Facebook/Sheriff Jim DeWees

By Madison Bateman
Carroll County Times

WESTMINSTER, Md. — During the surge of COVID-19 cases in Carroll County earlier this month, Sheriff Jim DeWees said his department saw an unprecedented increase in the number of personnel and detention center inmates testing positive for the virus.

As a result, DeWees authorized an hourly hazard pay incentive “so deputies would take proactive health measures while off so they can make sure they are coming to work healthy,” he told Carroll County commissioners Thursday.

The sheriff authorized an additional $5 per hour for regular hours scheduled and worked by deputies at the detention center during the Jan. 6-19 pay period.

The sheriff said he expected the incentive pay to cost a maximum of $31,000 and planned to cover the cost through the sheriff’s office regular operating budget. On Thursday, he asked the commissioners for federal COVID-19 relief funds to be used for the “emergency expenditure.”

DeWees said the situation amounts to an emergency because, in addition to being exposed to COVID-19 every day, deputies are at a disadvantage entering housing units when dressed in full personal protective equipment, or PPE, attire, adding risk to their job.

Commissioners approved the request Thursday to allocate $31,000 of the county’s Fiscal Recovery Funds program money to cover the hazard pay authorized by the sheriff.

“This is well within the parameters of the FRF funding,” Commissioner Stephen Wantz, R-District 1, said. “Moving forward there will be additional money that we can be putting toward efforts such as this.”

The Fiscal Recovery Funds program is part of the federal American Rescue Plan, scheduled to deliver $350 billion to state, local and tribal governments across the country to support the response to and recovery from the COVID-19 public health emergency.

Carroll County will receive a direct federal award of $32,718,855 in two allocations. The first was received in May 2021 and the second is expected in May 2022.

Throughout the COVID-19 pandemic, the sheriff’s office has provided personal protective equipment and related supplies to employees and inmates in the detention center, according to Vicky McDonald, director of administrative services for the sheriff’s office. The sheriff’s office has also conducted testing in order to stop the spread of the virus and proactively manage operations and shift coverage as needed.
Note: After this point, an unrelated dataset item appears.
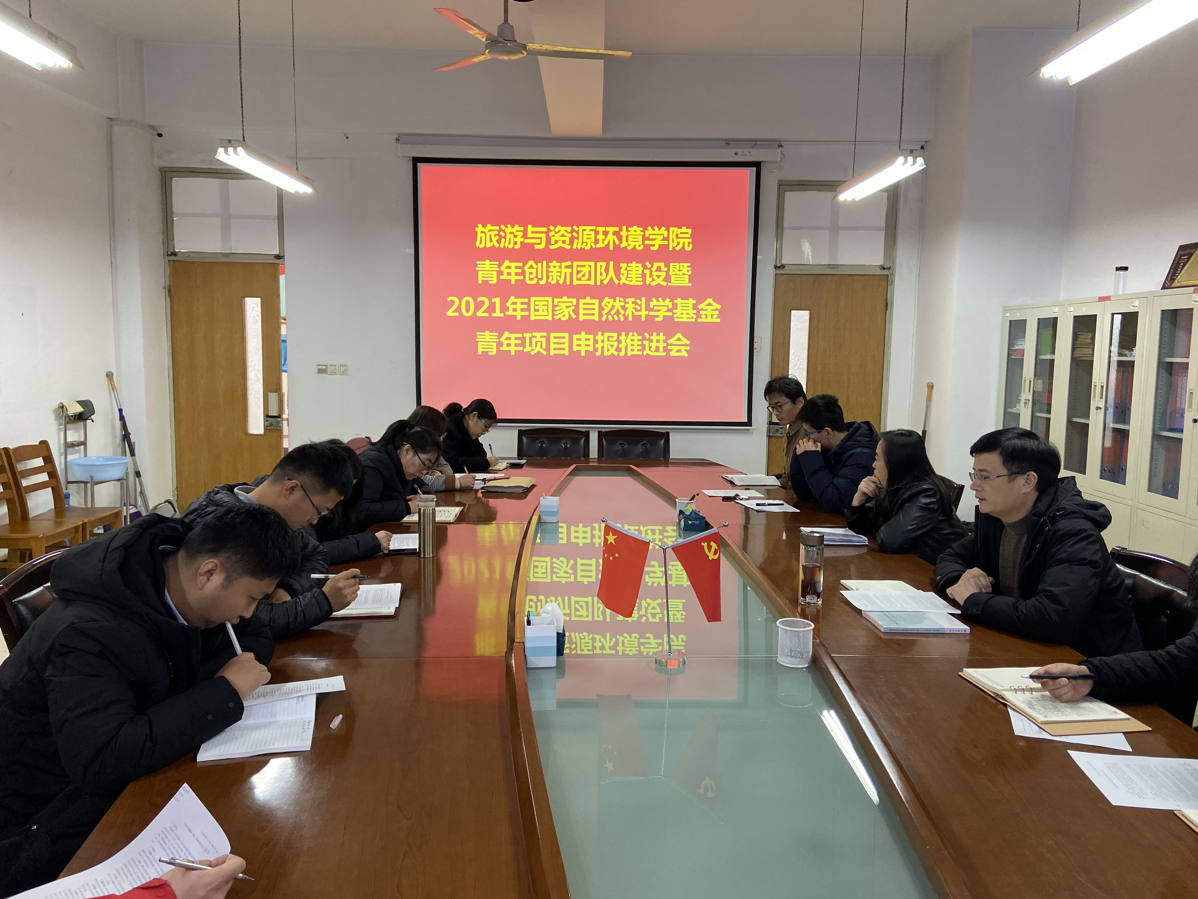 王满堂首先介绍了资源环境专业硕士点申请的基本条件,接着梳理了“十三五”期间beat365在线唯一官网学科建设和科研的成绩及存在的问题,并提出学院“十四五”学科建设和科研规划。对标资源环境专硕点建设要求,学院成立两个青年创新团队并制定了团队建设方案。会上,邀请近三年获得国家自然科学基金青年项目的张大文、彭文彬、滕晓华、贺慧丹等4位博士分别从怎么挑选研究课题、选择关键词、避免明显的漏洞与弱点等作了介绍,并重点阐述了从创新思维角度凝练科学问题,提出科学假设,明确研究思路,兼顾需要性与目的性原则、创新性与先进性原则以及科学性原则编制基金申请书的过程。

“Between Jan. 1 through the 19th we tested around 90 employees and several of their family members, with 24 employees and six family members testing positive,” DeWees said. Within that period, 36 inmates also tested positive.

The sheriff’s office offers vaccinations at the detention center to any inmate or staff, DeWees said, and the inmate population is currently 80% vaccinated.
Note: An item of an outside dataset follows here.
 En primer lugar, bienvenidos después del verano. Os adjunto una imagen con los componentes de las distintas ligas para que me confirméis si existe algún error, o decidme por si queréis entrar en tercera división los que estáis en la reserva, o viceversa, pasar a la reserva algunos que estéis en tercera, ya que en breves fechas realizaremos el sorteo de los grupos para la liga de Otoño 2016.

“The positive COVID cases within the detention center were a majority asymptomatic and those who had symptoms weren’t severe,” DeWees said.

As of Thursday, six deputies and two civilian employees had tested positive, according to the sheriff.

Separate housing units have been set up to quarantine and isolate inmates that are COVID positive.

Deputies regularly check on and communicate with those inmates, and when entering those units “are required to wear full PPE gear, including a gown, gloves and N95 mask,” DeWees said.

The Carroll County Sheriff’s Office is using about 300 gowns, 30 N95 masks and 300 sets of gloves each day in the management of the quarantine housing units.